To execute MHM2, run the mhm2.py script located at install/bin. Most parameters have sensible defaults, so it is possible to run with only the read FASTQ files specified, e.g. to run with two interleaved reads files, lib1.fastq and lib2.fastq, you could execute:要执行 MHM2,请运行位于 install/bin 的 mhm2.py 脚本。大多数参数都有合理的默认值,因此可以仅使用指定的读取 FASTQ 文件运行,例如要使用两个交错读取文件 lib1.fastq 和 lib2.fastq 运行,您可以执行:

mhm2.py -r lib1.fastq,lib2.fastq

A list of all the command line options can be found by running with -h. Because mhm2.py is a python script that wraps the UPC++ binary, mhm2, there will be two levels of options, one from the python script, and one from the binary. Some of the options have a short form (a single dash with a single character) and a long form (starting with a double-dash). In the options described below, where both a short form and a long form exist, they are separated by a comma. The type of the option is indicated as one of STRING (a string of characters), INT (an integer), FLOAT (a floating point value) or BOOL (a boolean flag). For BOOL, the option can be given as truefalseyesno01, or omitted altogether, in which case the option will be true, and if an option is specfied, the = must be used, e.g.通过运行 -h 可以找到所有命令行选项的列表。由于 mhm2.py 是包装 UPC++ 二进制文件 mhm2 的 Python 脚本,因此将有两层选项,一层来自 Python 脚本,一层来自二进制文件。某些选项具有短形式(带有单个字符的单破折号)和长形式(以双破折号开头)。
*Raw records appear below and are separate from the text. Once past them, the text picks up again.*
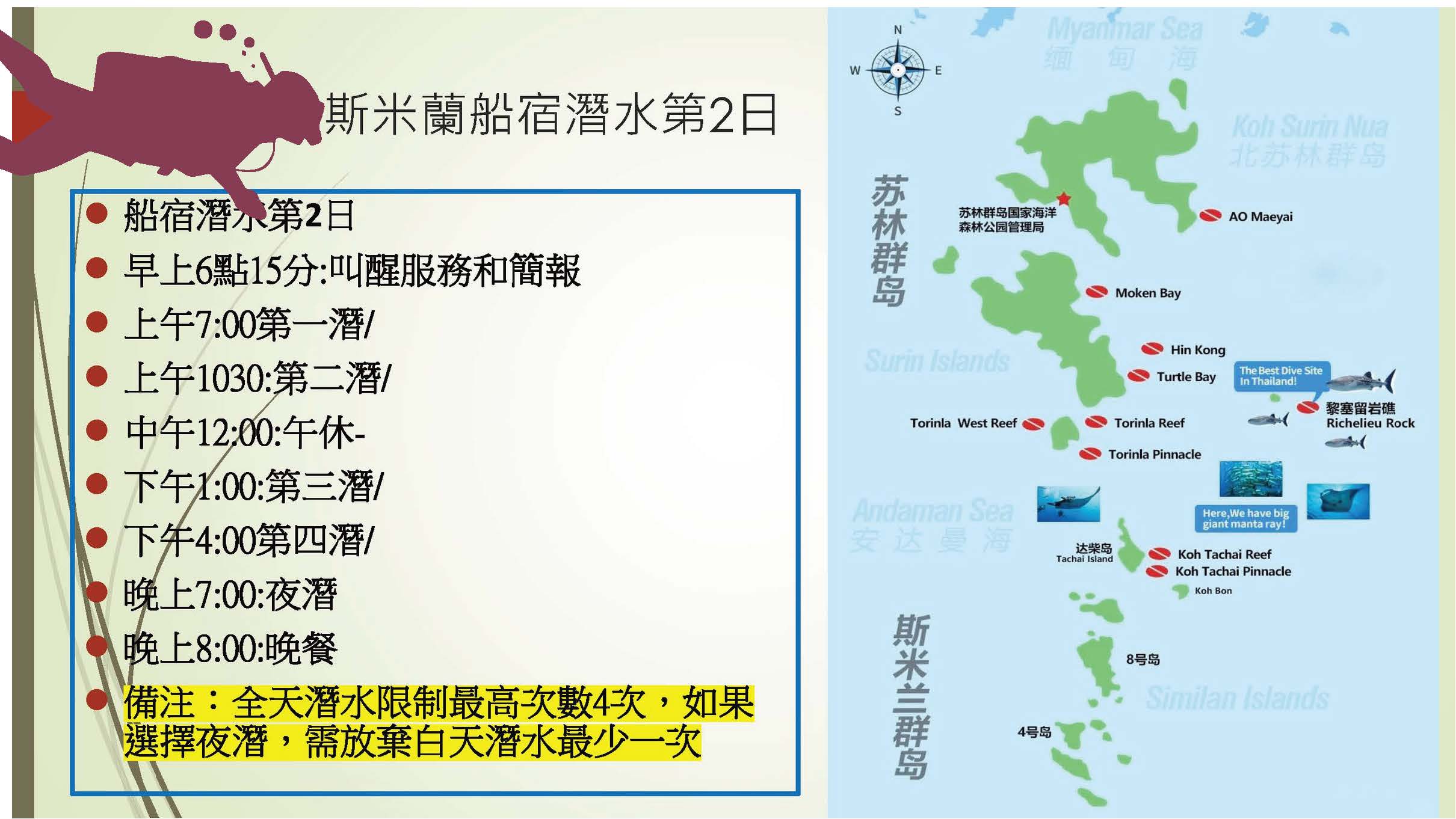 6.潛點安排會視當地天候、交通、等不可抗拒之因素更動順序,皆會在旅遊期間內完成,本公司保有調整之權利。若自行決定不參與以包含潛水項目則不另退費。
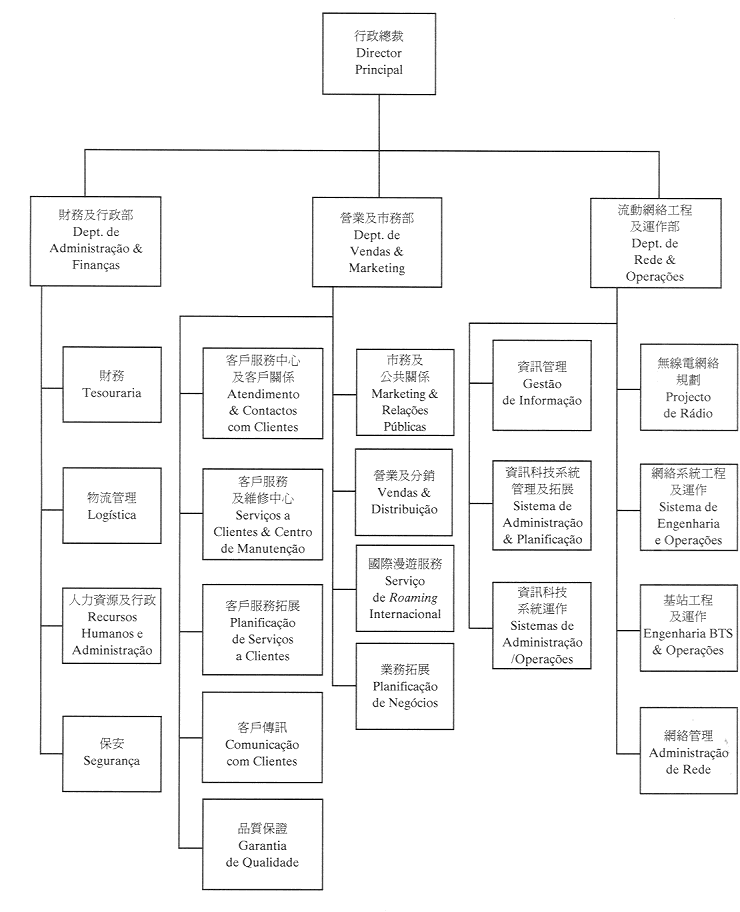 本公司選擇了數碼流動無線電話(GSM)技術,及將於澳門特別行政區裝設900/1800MHZ數碼流動無線電話雙頻網絡。數碼流動無線電話系統是經充分測試,證明可提供清楚嘹亮的優質音頻電話服務、具流動電話數據應用的高容量、并透過固有的加密特點確保安全,以及能提供多種的增值服務。
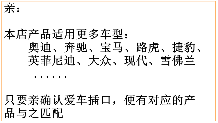 | Цвет: | Технологическая модель BMW Aux, Стандартная модель BMW AUX, Audi Benz Bentley Volkswagen Ami MDI Technology Model, Audi Benz Bentley Volkswagen Ami MDI Стандарт, Стандартная модель Audi Benz Bentley Volkswagen AUX, Land Rover Jaguar iPod Технология, Land Rover Jaguar Aux Standard, Другие модели Aux Universal Models |
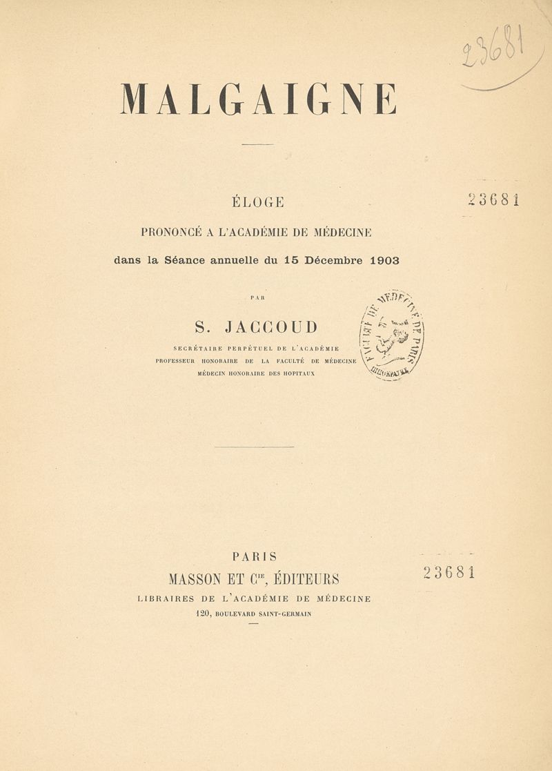Malgaigne - Eloge prononcé à l'Académie de médecine dans la Séance annuelle du 15 décembre 1903
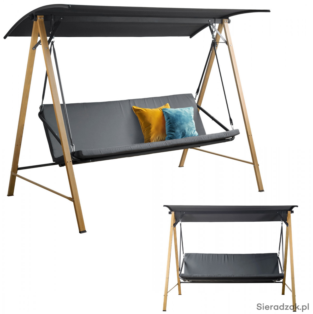Huśtawka ogrodowa 3-osobowa z daszkiem i poduszkami 54050
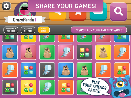 Our secure community is an “app store” for games built by kids. Here you can share games, collect hearts and save your favorite games. You can also get inspired for your next creation by playing other friend’s games.

在下面描述的选项中,如果同时存在短形式和长形式,则它们之间用逗号分隔。选项的类型指示为 STRING(字符串)、INT(整数)、FLOAT(浮点值)或BOOL(布尔标志)。对于 BOOL,选项可以指定为 truefalseyesno、 、1,或完全省略,在这种情况下选项将为 true,如果指定了选项,则必须使用 = ,例如

mhm2.py --checkpoint=false

By default, the run will generate files in a specific output directory (see the --output option below). At a minimum, this will include the following files:默认情况下,运行将在特定输出目录中生成文件(请参阅下面的 --output 选项)。至少,这将包括以下文件:

  • final_assembly.fasta: the contigs for the assembly, in FASTA format.final_assembly.fasta:装配体的重叠群,采用 FASTA 格式。
  • mhm2.log: a log file containing details about the run, including various quality statistics, details about the assembly process and timing information.mhm2.log:包含有关运行的详细信息的日志文件,包括各种质量统计数据、有关组装过程的详细信息和计时信息。
  • mhm2.config: a configuration file containing all the non-default options used for the run.mhm2.config:包含运行时使用的所有非默认选项的配置文件。
  • per_thread: a subdirectory containing per-process files that record memory usage and debugging information in Debug mode.per_thread:包含每个进程文件的子目录,这些文件记录调试模式下的内存使用情况和调试信息。
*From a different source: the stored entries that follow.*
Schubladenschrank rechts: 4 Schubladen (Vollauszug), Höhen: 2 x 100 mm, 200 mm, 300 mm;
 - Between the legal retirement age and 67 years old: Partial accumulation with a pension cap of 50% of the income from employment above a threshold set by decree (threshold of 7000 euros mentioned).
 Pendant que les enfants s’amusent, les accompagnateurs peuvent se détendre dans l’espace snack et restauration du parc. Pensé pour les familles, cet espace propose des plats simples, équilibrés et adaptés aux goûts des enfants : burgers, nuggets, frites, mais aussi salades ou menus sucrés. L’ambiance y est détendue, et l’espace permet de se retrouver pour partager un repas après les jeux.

In addition, many more files may be generated according to which command-line options are specified. These are described in detail below where relevant.此外,根据指定的命令行选项,还可以生成更多文件。下面将在相关的地方详细描述这些内容。

The mhm2 binary can be executed directly using upcxx-runsrun or another suitable launcher. Generally we recommend using mhm2.py, because it takes care of many facets of starting the executable in a given environment and provides additional functionality, e.g. automatically restarting on errors, easily enabling communication tracing, etc.mhm2 二进制文件可以使用 upcxx-runsrun 或其他合适的启动器直接执行。一般来说,我们建议使用 mhm2.py,因为它负责在给定环境中启动可执行文件的许多方面,并提供附加功能,例如出错时自动重启、轻松启用通信跟踪等。

Basic options 基本选项 

These are the most commonly used options.这些是最常用的选项。
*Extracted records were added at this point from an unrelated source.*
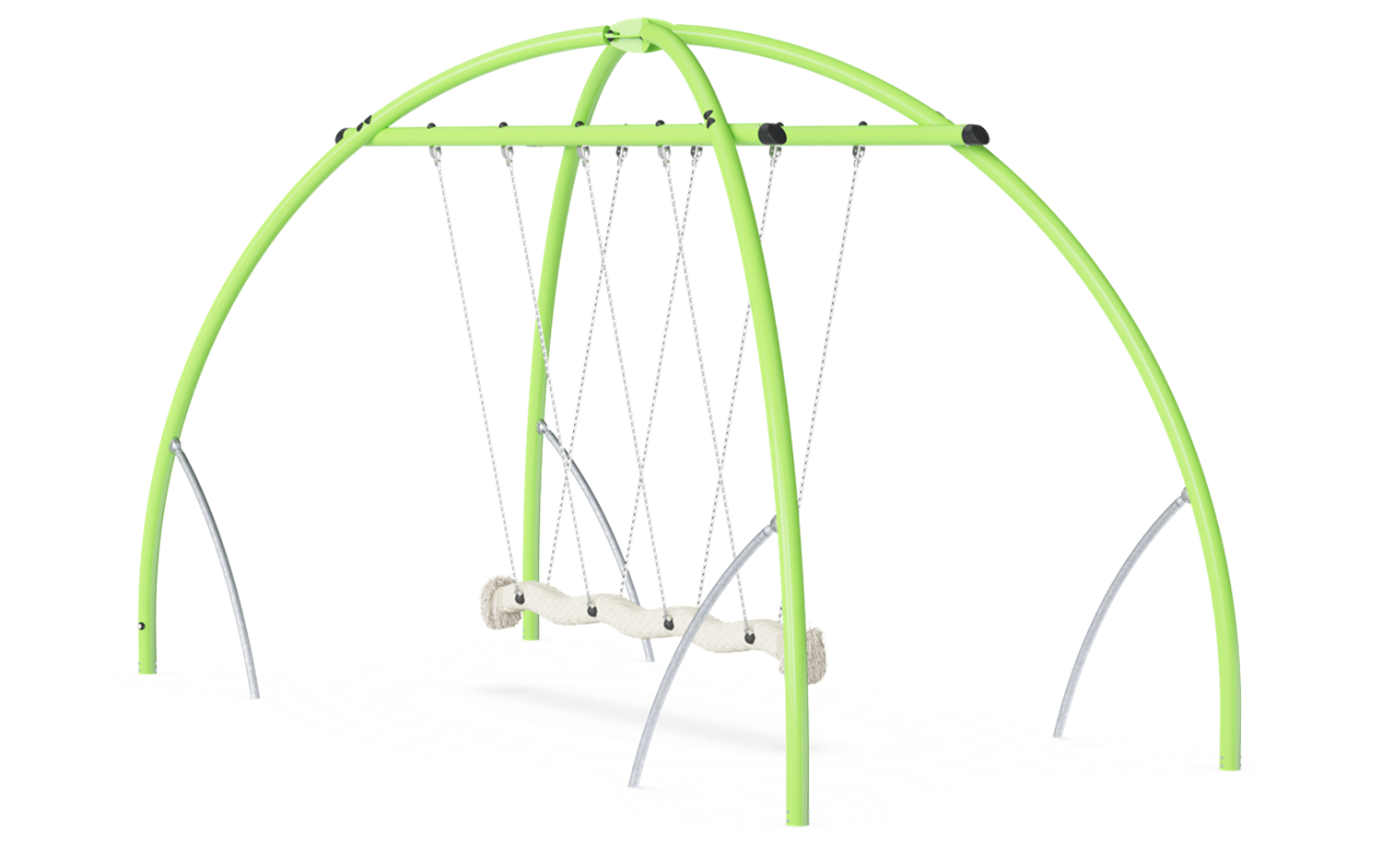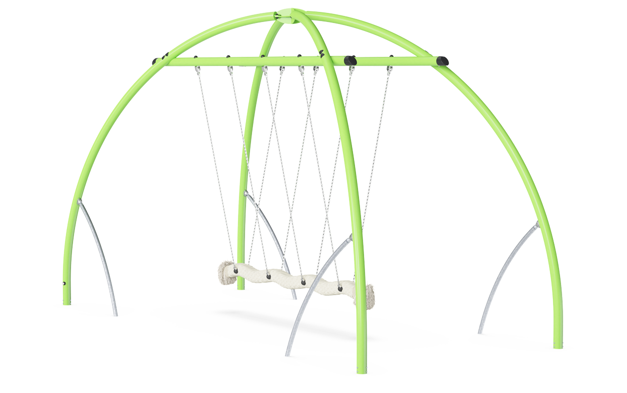 The size and appearance of the Cocowave Pendulum Swing is an irresistible invitation for all children to play. With its robust, oblong coconut rope, the Cocowave Pendulum Swing allows for swinging from a seated, lying or standing position. The thrill of swinging – mildly or wildly – is for bigger groups, of different sizes, ages and physical abilities. It takes teamwork to make the swing move, and this stimulates important social-motional skills. Apart from being fun, swinging on the Coco-wave swing also trains muscles and impor-tant motor skills, such as balance, coordination and sense of space. These are important to train vestibular skills that matter profoundly for e.g. navigating traffic safely. The tickling, challenging feeling of speed and height stimulates children's self-esteem, risk management and other important social-emotional life skills.
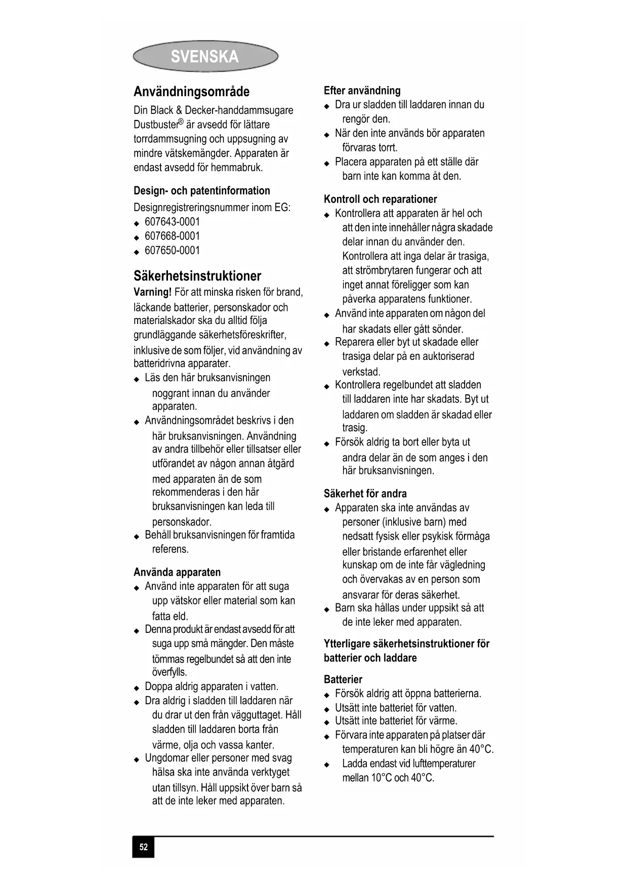 Anvand laddaren fran Black & Decker endast for att ladda batteriet i den apparat som laddaren levererades med. Andra batterier kan spricka och orsaka personskador och andra skador.
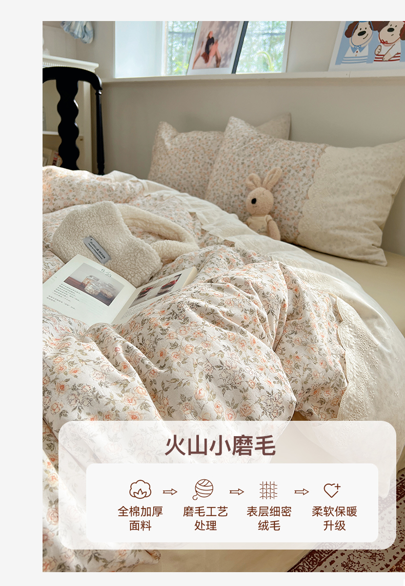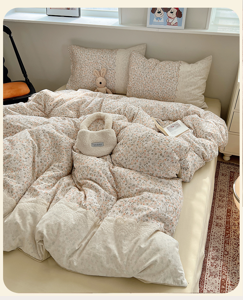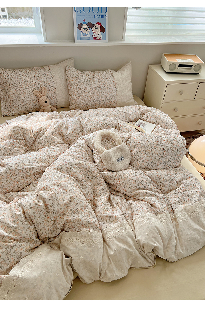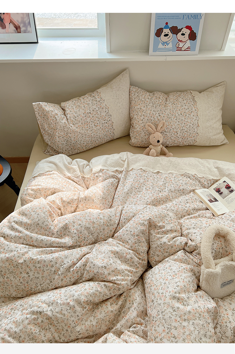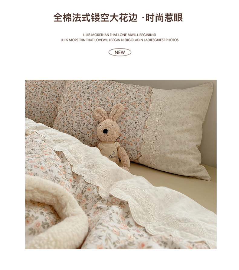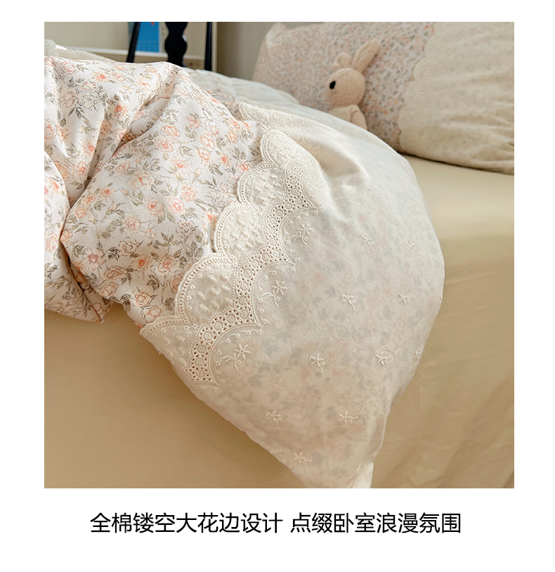 当前位置: 91家纺网 > 商品网购 > 床品套件 > 四件套 > 普通磨毛四件套 > XIWEN-希文家纺 2025新款全棉淑女花边数码印花磨毛四件套 浪漫人生-米
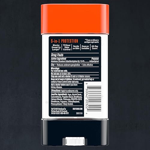 5-IN-1 PROTECTION: This antiperspirant deodorant delivers hard-working sweat and odor control for every hard-working man. Blocks sweat 2X longer with 72HR control, goes on invisible, is gentle on skin, and provides an all-day scent men trust

The input files of reads are specified with either -r-p, or -u. At least one of these options must be specified. When running on a Lustre file system (such as on OLCF's Frontier), it is recommended that all input files be striped to ensure adequate I/O performance. Usually this means first striping a directory and then moving files into it, e.g. for a file reads.fastq:读取的输入文件由 -r-p 或 -u 指定。必须至少指定这些选项之一。当在Lustre文件系统上运行时(例如在OLCF的Frontier上),建议对所有输入文件进行条带化以确保足够的I/O性能。通常这意味着首先分割一个目录,然后将文件移入其中,例如对于文件 reads.fastq

mkdir data
lfs setstripe -c 72 data
mv reads.fastq data

-r, --reads STRING,STRING,...

A collection of names of files containing interleaved paired reads in FASTQ format. Multiple files must be comma-separated, or can be separated by spaces. For paired reads in separate files, use the -p option. For unpaired reads, use the -u option. Long lists of read files can be set in a configuration file and loaded with the --config option, to avoid having to type them in on the command line.包含 FASTQ 格式的交错配对读取的文件名称的集合。多个文件必须以逗号分隔,或者可以用空格分隔。对于单独文件中的配对读取,请使用 -p 选项。对于不配对的读取,请使用 -u 选项。可以在配置文件中设置读取文件的长列表并使用 --config 选项加载,以避免在命令行中输入它们。

-p, --paired-reads STRING,STRING,...

A collection of names of files containing separate paired reads in FASTQ format. Multiple files must be comma-separated, or can be separated by spaces. For each library, the file containing the reads for the first pairs must be followed by the file containing the reads for the second pairs, e.g. for two libraries with separate paired reads files lib1_1.fastqlib1_2.fastq and lib2_1.fastqlib2_2.fastq, the option should be specified as:包含 FASTQ 格式的单独配对读取的文件名称的集合。多个文件必须以逗号分隔,或者可以用空格分隔。对于每个库,包含第一对读数的文件后面必须跟有包含第二对读数的文件,例如对于两个具有单独配对读取文件 lib1_1.fastqlib1_2.fastq 和 lib2_1.fastqlib2_2.fastq 的库,该选项应指定为:

-p lib1_1.fastq,lib1_2.fastq,lib2_1.fastq,lib2_2.fastq

This option only supports reads where each pair of reads has the same sequence length, usually only seen in raw reads. For support of trimmed reads of possibly different lengths, first interleave the files and then call with the -r option. The separate files can be interleaved with reformat.sh from bbtools.此选项仅支持每对读取具有相同序列长度的读取,通常仅在原始读取中看到。为了支持可能不同长度的修剪读取,首先交错文件,然后使用 -r 选项调用。单独的文件可以与 bbtools 中的 reformat.sh 交错。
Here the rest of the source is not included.